When Poppy Bush was president, the world confronted a crisis with acid rain destroying monuments and buildings; Democrats and Republicans came together and put into law a sulfur dioxide cap-and-trade “free market solution” that largely solved the problem.

Why can’t we do the same with a cap-and-trade system for carbon pollution from fossil fuels like the European Union, Australia, New Zealand, and South Korea have already done? Citizens United.

Similarly, why can’t America get our gun crisis under control? We’re the only country in the world where schoolchildren are subjected to the monthly terror of active shooter drills.

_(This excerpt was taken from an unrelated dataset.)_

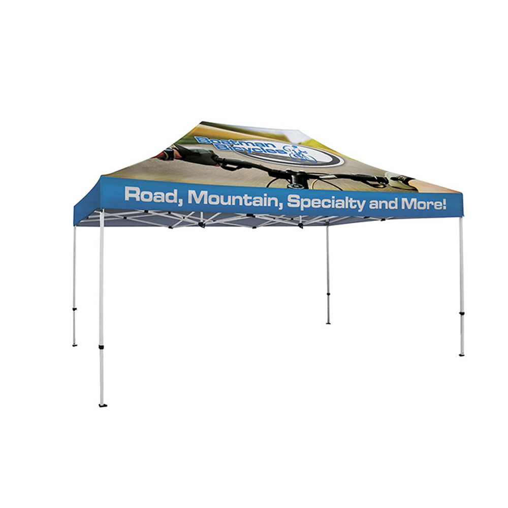 The customizable outdoor pop-up canopy offers full vivid color printing on all four sides of the canopy and valance – this creates an all-around 360-degree brand-enhancing opportunity.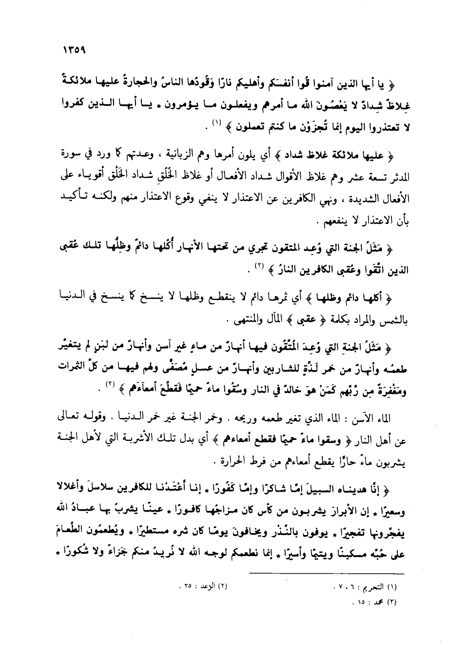 {يَاأَيُّهَا الَّذِينَ آمَنُوا قُوا أَنْفُسَكُمْ وَأَهْلِيكُمْ نَارًا وَقُودُهَا النَّاسُ وَالْحِجَارَةُ عَلَيْهَا مَلَائِكَةٌ غِلَاظٌ شِدَادٌ لَا يَعْصُونَ اللَّهَ مَا أَمَرَهُمْ وَيَفْعَلُونَ مَا يُؤْمَرُونَ * يَاأَيُّهَا الَّذِينَ كَفَرُوا لَا تَعْتَذِرُوا الْيَوْمَ إِنَّمَا تُجْزَوْنَ مَا كُنْتُمْ تَعْمَلُونَ} (1).

Bullets are the leading cause of death among our nation’s children. But no Republican will take on the issue because they know the firearms industry and its front groups will destroy them with a waterfall of money for their inevitable opponent in the next election. Citizens United.

Our public schools are crumbling as the charter and private school industries pour millions into politicians’ coffers. Instead of fixing our schools and raising our educational standards, the private school industry has gotten Republican governors in several states to offer vouchers to every student in the state.

It’s busting the budgets of states (once the public schools are dead, they’ll cut back on the generosity of the vouchers), but making literally billions in profits for the private school industry — money that’s then, in part, recycled back to the politicians promoting their interests. Citizens United.